I love that since we moved here two years ago, this is my view when it snows:
Last week was a rough week. It was our first cycle trying to conceive with our new doctor all the way in Chicago. (She's a Reproductive Immunologist.) I'll spare you the details but it involves 34 pills and one injection in my abdomen a day. It's exhausting. And last week I learned that our first cycle failed. I was already feeling quite sensitive and angry that I was even in this position. Again. I'm angry that after I lost Alex, I lost Henry. And then I lost Olivia. Why?
And then, it snowed.
You're thinking, "But Amy you love snow!"
Yes I do.
But when I looked out at the woods, I was hit with a totally, completely unexpected wave of grief. Because it snowed.

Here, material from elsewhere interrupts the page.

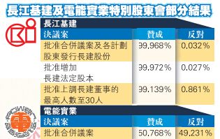 长建及电能昨晚公布,出席电能实业法院指令会议的独立股东当中,多达49.23%的股东反对合倂议案,只有50.77%的股东投赞成票。由於未能达到最少75%独立股东赞成的门槛,故即使合倂议案获长建股东大比数通过,在近半数电能股东反对下,长建亦未能如愿合倂电能。根据现行规定,议案被否决後,长建需在一年之後,方能再次提出合倂方案。
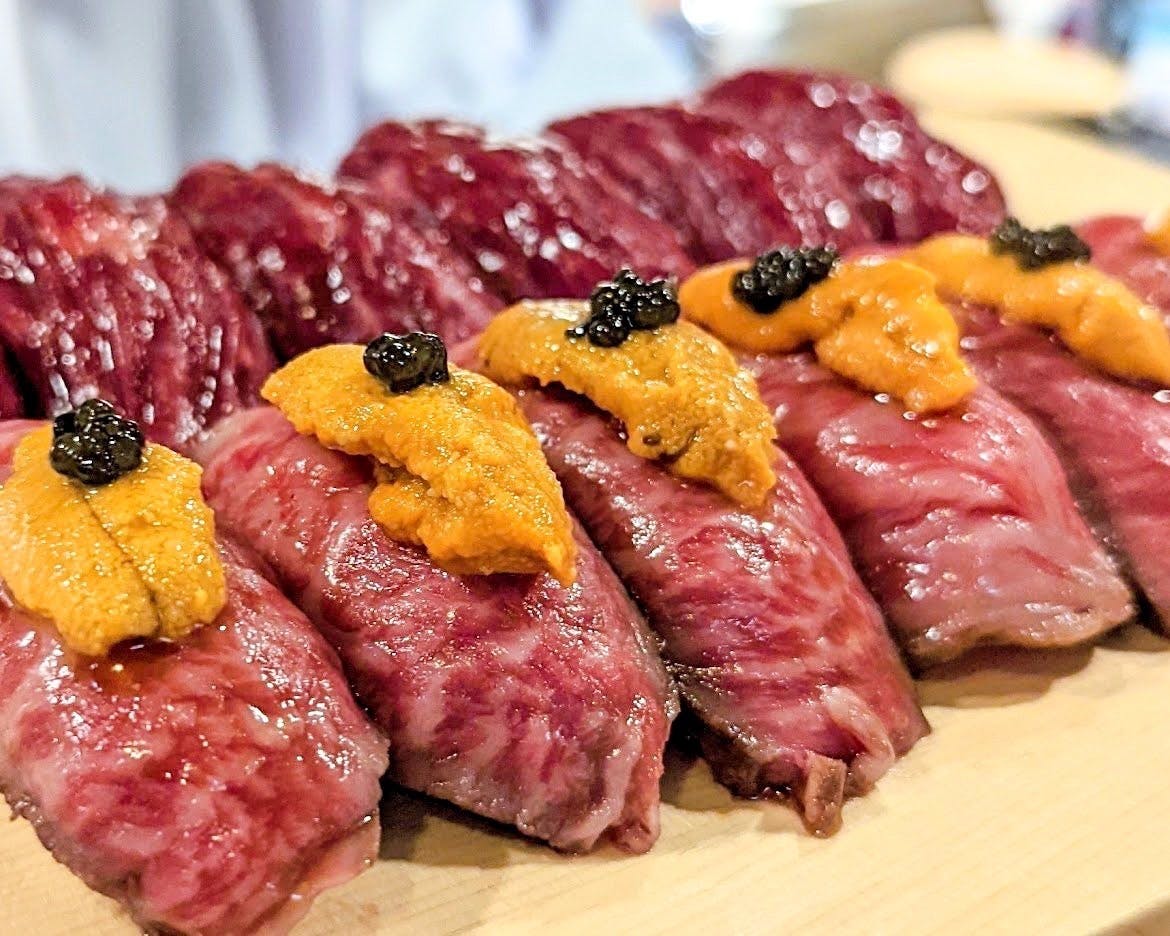 「焼肉かきだ」では国産の和牛にこだわったコースをご用意。「有楽町かきだ」と同じく、コース終了後は、お好きな部位をおかわりすることができます。もちろんお酒も飲み放題。そして、「焼肉かきだ」だからこそできる楽しみ方が、お寿司も同時に食べられるということ。

You see, when I was pregnant with Olivia, the time that I most associate with that was January. And I know we all remember January, right? Unbelievably cold weather, snow, wind....
When I think of Olivia, I think of being pregnant and bundled up on my couch in front of the fire with my husband's hand on my belly. I think of how cold I'd get just using my doppler to hear her heart beating. And when it snowed, it brought all that right back.
It was so unexpected that I couldn't even fight it. I think there's a lot of grief that I have buried. I had a lot of fear over the future when I lost her. And the snow was my final undoing.
At the same time, I was amazed at how something as simple as snow could be such an unexpected trigger. But I guess that's why they're unexpected triggers, right? We never see them coming. And those are always the worst ones.
We can brace ourselves for things like holidays, angel birthdays, due dates, baby showers, etc. But things like snow...well there's just no way to see that coming the first time it happens.
And I suspect there's no way to win that battle, is there?
I try to remember these things when the wave knocks me down:
1. We grieve because we love.
2. The pain will get better.
3. The pain will get better.
4. The pain will get better.
It was because of that love that the next day, I pulled myself together and went outside with my son to build a snowman. After everything we've been through, I look at my two children and I wonder how in the world I was able to have them. They are clearly my two miracles.
I'd love to hear about others' unexpected triggers and how you work through them! You never know who you might help by sharing!